Top of Recorded information

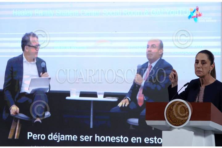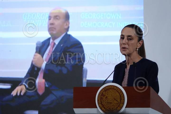CIUDAD DE MÉXICO, 10SEPTIEMBRE2025.- La presidenta Claudia Sheinbaum Pardo muestra la entrevista que el ex presidente Felipe Calderón sostuvo en Estados Unidos en la que se posicionó respecto a la Reforma judicial, durante la conferencia “Mañanera del Pueblo” desde Palacio Nacional en la que se abordaron detalles de sobre el recién entregado Paquete Económico 2026 FOTO: GALO CAÑAS/CUARTOSCURO.COM
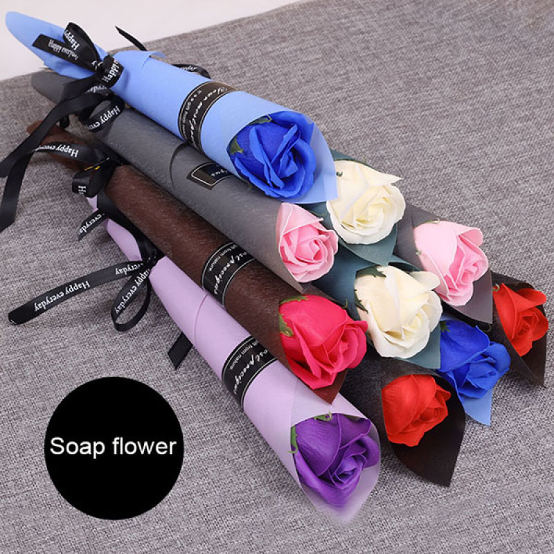 批发新款玫瑰单支亮款香皂花节日开业活动扫街促销圣诞情人节送礼
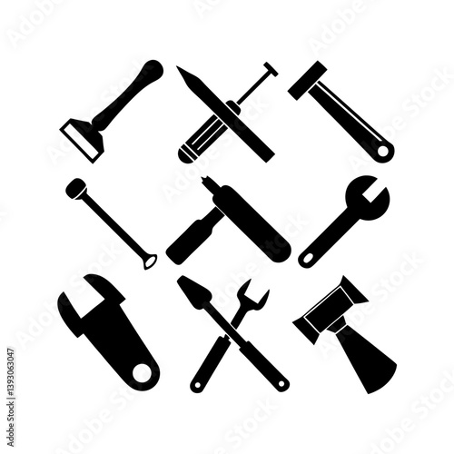 9 Set working tools icon silhouette illustration
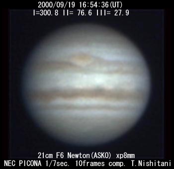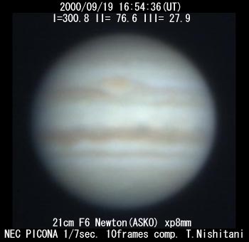 ![]() No. 16 2000/09/19 16:54:36(UT) I=300.8 II= 76.6 III= 27.9 210mm Newton, XP8mm NEC Picona 1/7sec, 10 frames composite | ![]() (Enhanced by Y.Iga)
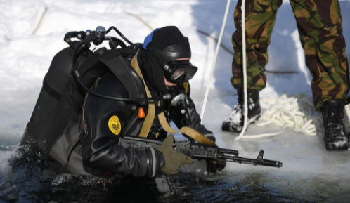 他们的训练也比较硬核,为了适应低温的环境,经常在雪地中进行训练,甚至在冻成狗的冬天做潜水训练
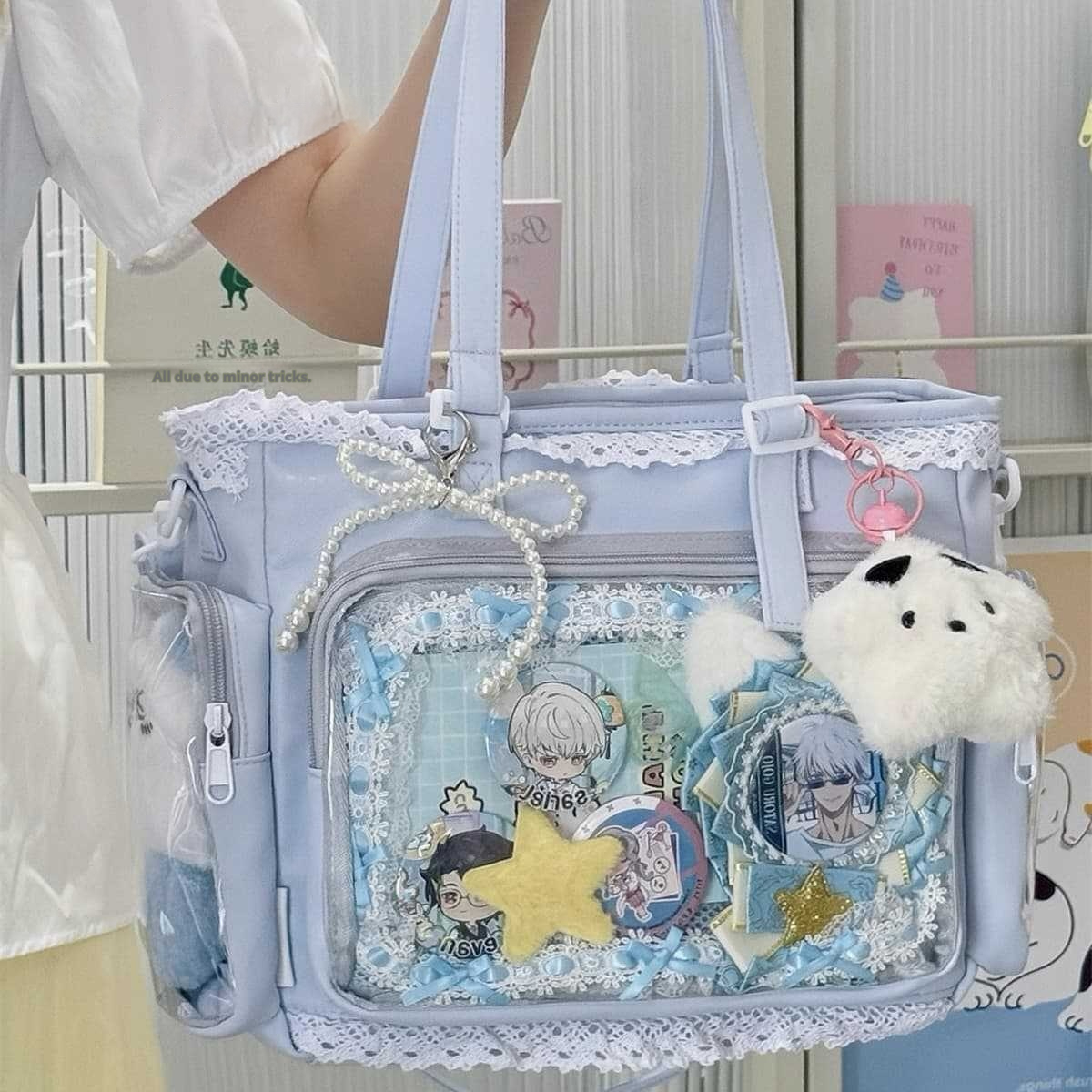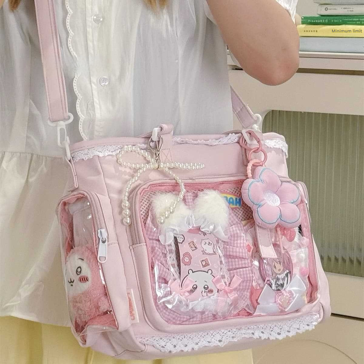 Color: transparent bar tie board Lace cartoon backpack-pink, transparent bar tie board Lace cartoon backpack-yellow
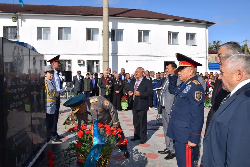 На торжественной церемонии открытия знаменательность этого мероприятия отметили аким района Аманбек Калжанов и председатель Совета ветеранов ОВД и НГ полковник полиции в отставке Даутбек Нургалиев. Обращаясь к гостям и жителям района, выступающие отметили, что новый мемориал станет символом патриотизма, верности служебному долгу, мужества и отваги защитников правопорядка.
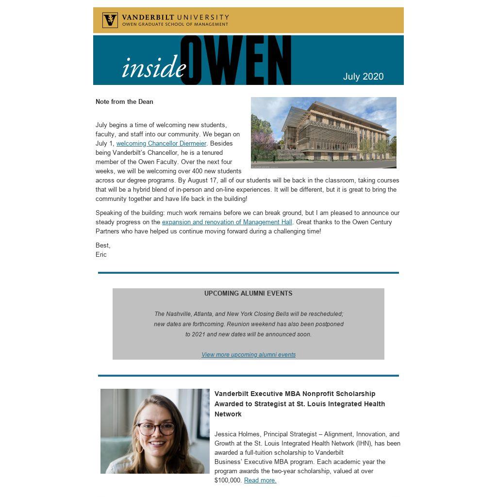 Speaking of the building: much work remains before we can break ground, but I am pleased to announce our steady progress on the expansion and renovation of Management Hall. Great thanks to the Owen Century Partners who have helped us continue moving forward during a challenging time!
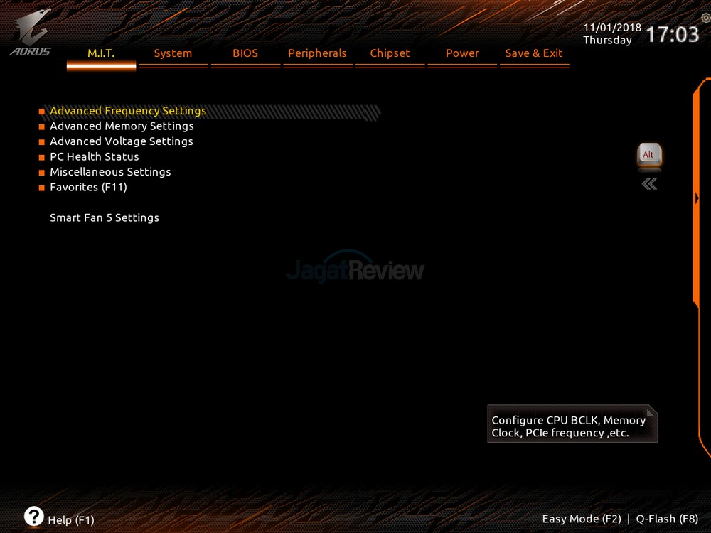 Tab ini adalah tab yang berisi opsi-opsi konfigurasi utama yang bersangkutan dengan kinerja CPU, Memory, dan Voltage rail. Pada bagian BIOS ini akan diakses oleh orang yang ingin melakukan tuning terhadap performa sistem. Karena seluruh setting yang yang besangkutan dengan multiplier CPU dan Memory akan di jumpai disini, termasuk dengan setting timing memori, Dan biasanya Opsi M.I.T ini sendiri memang lebih identik dengan overclocking terutama pada motherboard seri Z Intel dan X AMD. Dan jelas tujuan M.I.T tab ini membuka kapabilitas fine tuning performa sistem bagi yang ingin mencoba mencari sedikit performa lebih.
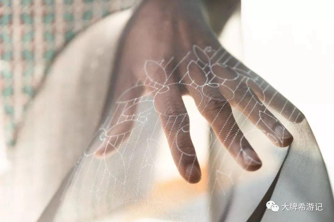 刺绣的图案细节敲定之后,批量印到透明纸上,不同的色块去标示不同的材料,制图员将用一台微型电刺孔机器在图案的每一根线条上刺孔。把打好孔的透明纸覆盖到面料上,再刷一层混合颜料和树脂的粉末。粉末穿过细孔就会在面料上留下痕迹。
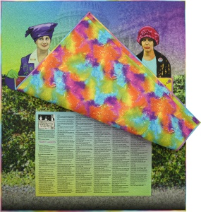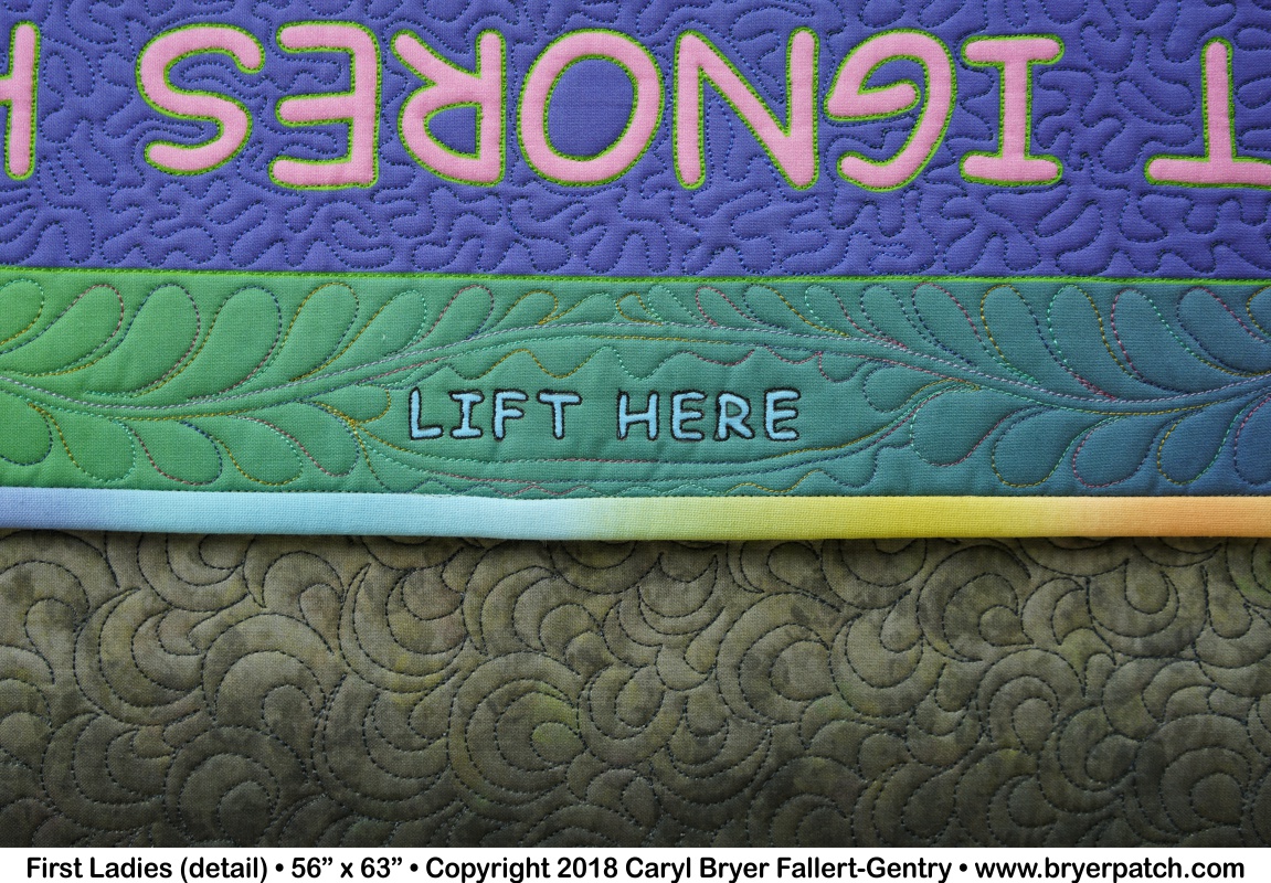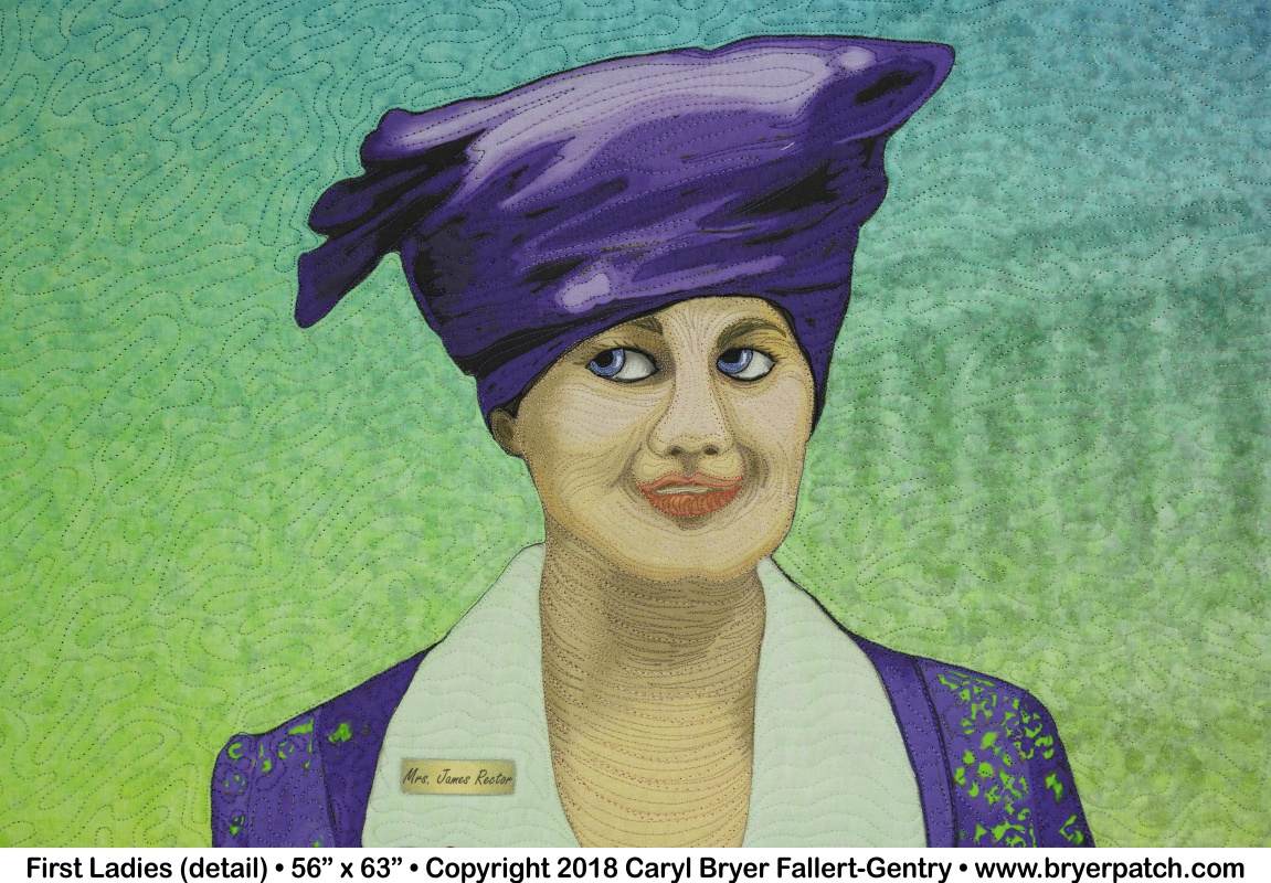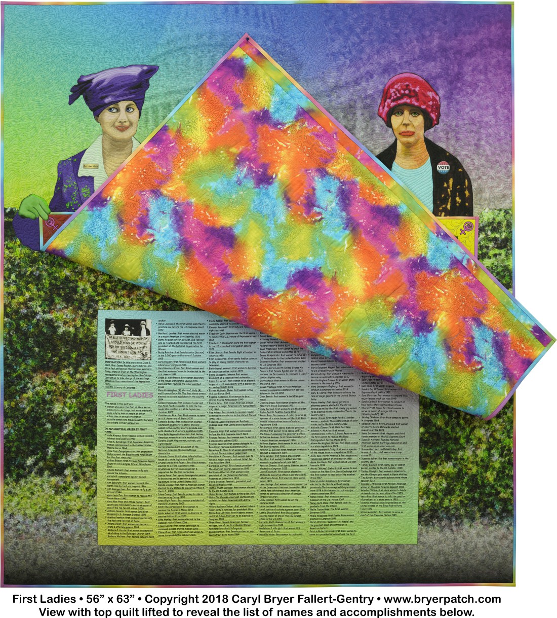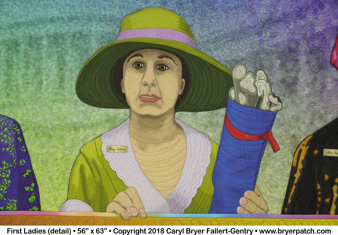The three women were printed first. The hexagon quilt was printed separately along with the sky fabric and the lower border fabric containing the list of important first ladies. The hands holding the quilt were also printed separately and were the last elements to be added.

Bottom of Recorded information

What you will do
Reproduce the entries exactly, from the line with "9 Set working" to the line with "Color: transparent bar", both lines included, keeping no pictures.

Reply
 9 Set working tools icon silhouette illustration
 ![]() No. 16 2000/09/19 16:54:36(UT) I=300.8 II= 76.6 III= 27.9 210mm Newton, XP8mm NEC Picona 1/7sec, 10 frames composite | ![]() (Enhanced by Y.Iga)
 他们的训练也比较硬核,为了适应低温的环境,经常在雪地中进行训练,甚至在冻成狗的冬天做潜水训练
 Color: transparent bar tie board Lace cartoon backpack-pink, transparent bar tie board Lace cartoon backpack-yellow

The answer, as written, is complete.